-
Notifications
You must be signed in to change notification settings - Fork 1.6k
Description
head_dim=192 crashes at 128K context (unfused SDPA fallback)
Summary
SDPA with head_dim=192 crashes at 128K+ context with a Metal allocation error. This is similar to the head_dim=256 issue fixed in PR #3293, but head_dim=192 was not included in that PR's routing logic.
Environment
- Hardware: Mac Studio M3 Ultra (256GB)
- OS: macOS 25.3.0 (Darwin 25.3.0)
- MLX: 0.31.2.dev20260324+63b73e7a (main branch, latest)
Reproduction
import mlx.core as mx
B, H, D = 1, 8, 192
context_len = 128 * 1024 # 128K tokens
q = mx.random.normal((B, H, context_len, D))
k = mx.random.normal((B, H, context_len, D))
v = mx.random.normal((B, H, context_len, D))
out = mx.fast.scaled_dot_product_attention(q, k, v, scale=1.0 / (D ** 0.5))
mx.eval(out)Result:
[metal::malloc] Attempting to allocate 549755813888 bytes which is greater
than the maximum allowed buffer size of 179357827072 bytes.
Analysis
Working head dimensions (128K context):
- ✅
head_dim=64- works - ✅
head_dim=128- works - ❌
head_dim=192- CRASHES (this issue) - ❌
head_dim=256- crashes (PR fix: add head_dim=256 to fused SDPA full attention kernel #3293 adds support)
Root Cause
scaled_dot_product_attention.cpp only includes 64, 128, and 256 in sdpa_full_supported_head_dim:
inline bool sdpa_full_supported_head_dim(int query_head_dim) {
return query_head_dim == 64 ||
query_head_dim == 128 ||
query_head_dim == 256; // Added in PR #3293
}head_dim=192 is NOT included, so it falls back to the unfused naive attention path which materializes the full score matrix.
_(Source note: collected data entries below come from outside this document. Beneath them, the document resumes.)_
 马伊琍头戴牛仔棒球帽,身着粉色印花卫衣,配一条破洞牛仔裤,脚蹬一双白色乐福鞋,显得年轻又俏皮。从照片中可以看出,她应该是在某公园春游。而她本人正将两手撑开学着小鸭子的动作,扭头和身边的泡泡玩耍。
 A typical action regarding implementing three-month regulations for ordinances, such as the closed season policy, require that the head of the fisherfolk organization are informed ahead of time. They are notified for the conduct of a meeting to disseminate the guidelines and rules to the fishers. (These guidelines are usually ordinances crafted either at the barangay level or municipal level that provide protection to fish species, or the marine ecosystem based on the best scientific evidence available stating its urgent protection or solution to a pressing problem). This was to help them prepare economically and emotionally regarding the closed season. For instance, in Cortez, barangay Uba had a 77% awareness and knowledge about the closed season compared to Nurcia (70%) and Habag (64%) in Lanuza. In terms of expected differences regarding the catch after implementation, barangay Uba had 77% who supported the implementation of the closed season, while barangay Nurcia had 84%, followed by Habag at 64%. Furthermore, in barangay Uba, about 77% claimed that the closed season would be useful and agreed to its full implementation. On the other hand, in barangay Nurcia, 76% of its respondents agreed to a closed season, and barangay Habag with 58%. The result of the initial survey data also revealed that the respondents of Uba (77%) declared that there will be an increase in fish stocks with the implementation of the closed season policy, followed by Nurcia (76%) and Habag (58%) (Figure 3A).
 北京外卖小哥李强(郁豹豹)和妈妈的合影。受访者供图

At 128K context, this creates a ~512 GB allocation that exceeds Metal's buffer limit.
Proposed Solution
Add head_dim=192 to the supported dimensions and instantiate the corresponding kernel:
File: mlx/ops.cpp (or wherever sdpa_full_supported_head_dim is defined)
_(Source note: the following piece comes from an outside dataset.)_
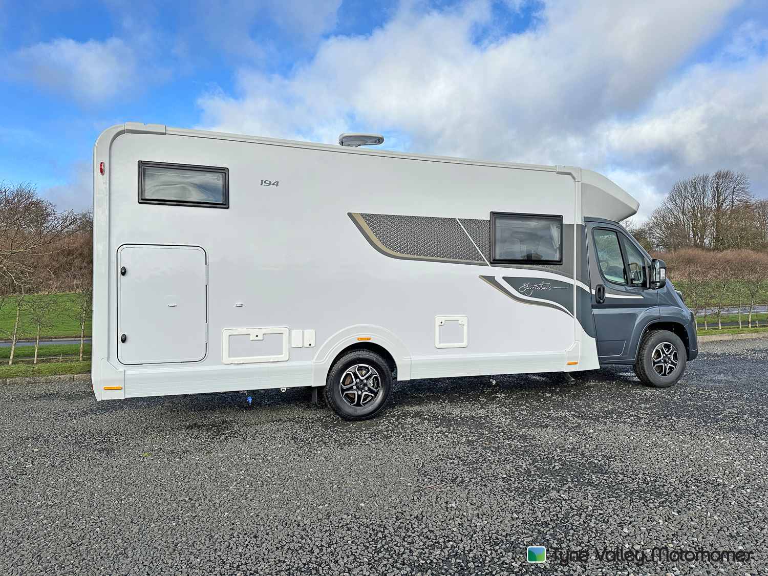 The Elddis Signature 194 also comes with an impressive list of standard features designed to make every journey more enjoyable. Cab air conditioning keeps the driving environment cool, while driver and passenger airbags provide added safety. The reversing camera takes the stress out of parking and manoeuvring, and cruise control makes longer journeys more relaxing. Entertainment and connectivity are covered with a DAB radio, Bluetooth and a multi-function steering wheel. The interior is finished with bespoke stain-resistant upholstery for style and practicality, and the Whale heating system ensures the motorhome remains warm and inviting in all seasons.

inline bool sdpa_full_supported_head_dim(int query_head_dim) {
return query_head_dim == 64 ||
query_head_dim == 128 ||
query_head_dim == 192 || // ADD THIS
query_head_dim == 256;
}File: mlx/backend/metal/kernels/steel/attention/steel_attention.metal
// Add instantiation for head_dim=192
instantiate_attn(iname, itype, 32, 16, 192, 4, 1, mname, mtype)This follows the same pattern as PR #3293's fix for head_dim=256.
Impact
Affected use cases:
- Models with 192-dimensional heads (less common than 128/256, but exists)
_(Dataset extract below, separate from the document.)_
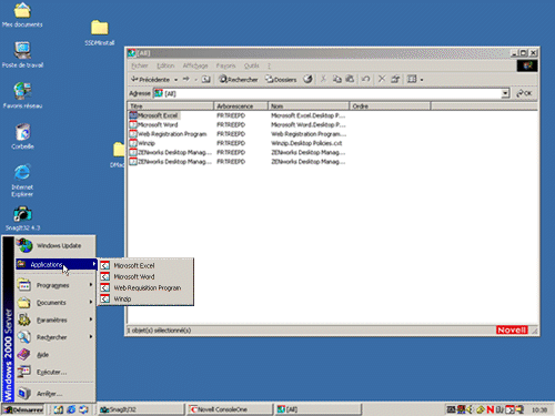 Dans l'exemple d'écran ci-après, la fenêtre Explorateur d'applications affiche les applications contenues dans DOC_TREE. Ces quatre applications sont également affichées dans le menu Démarrer et deux d'entre elles apparaissent aussi sur le bureau, l'une dans la barre Lancement rapide, l'autre dans la barre système.

- Long-context inference (128K+ tokens)
- Users hitting this will see cryptic Metal allocation errors
Workaround:
None currently - models with head_dim=192 cannot use long contexts.
Related
- PR fix: add head_dim=256 to fused SDPA full attention kernel #3293 - Adds
head_dim=256support (same pattern needed for 192) - Issue GPU watchdog kills process during long-context SDPA prefill (65K+ keys) #3302 - GPU watchdog at long contexts (different issue, fixed by chunking)
Testing
Tested on M3 Ultra 256GB:
- 128K context with
head_dim=192: ❌ Crashes - 128K context with
head_dim=64, 128: ✅ Works - 128K context with
head_dim=256: ❌ Crashes (expected, needs PR fix: add head_dim=256 to fused SDPA full attention kernel #3293 + Chunked full-attention SDPA for long key sequences #3307)
Discovery Method
Found via automated edge-case testing across multiple head dimensions at long context lengths.
Note: This bug was discovered while validating PR #3293. The fix for head_dim=256 should also cover head_dim=192 using the same approach.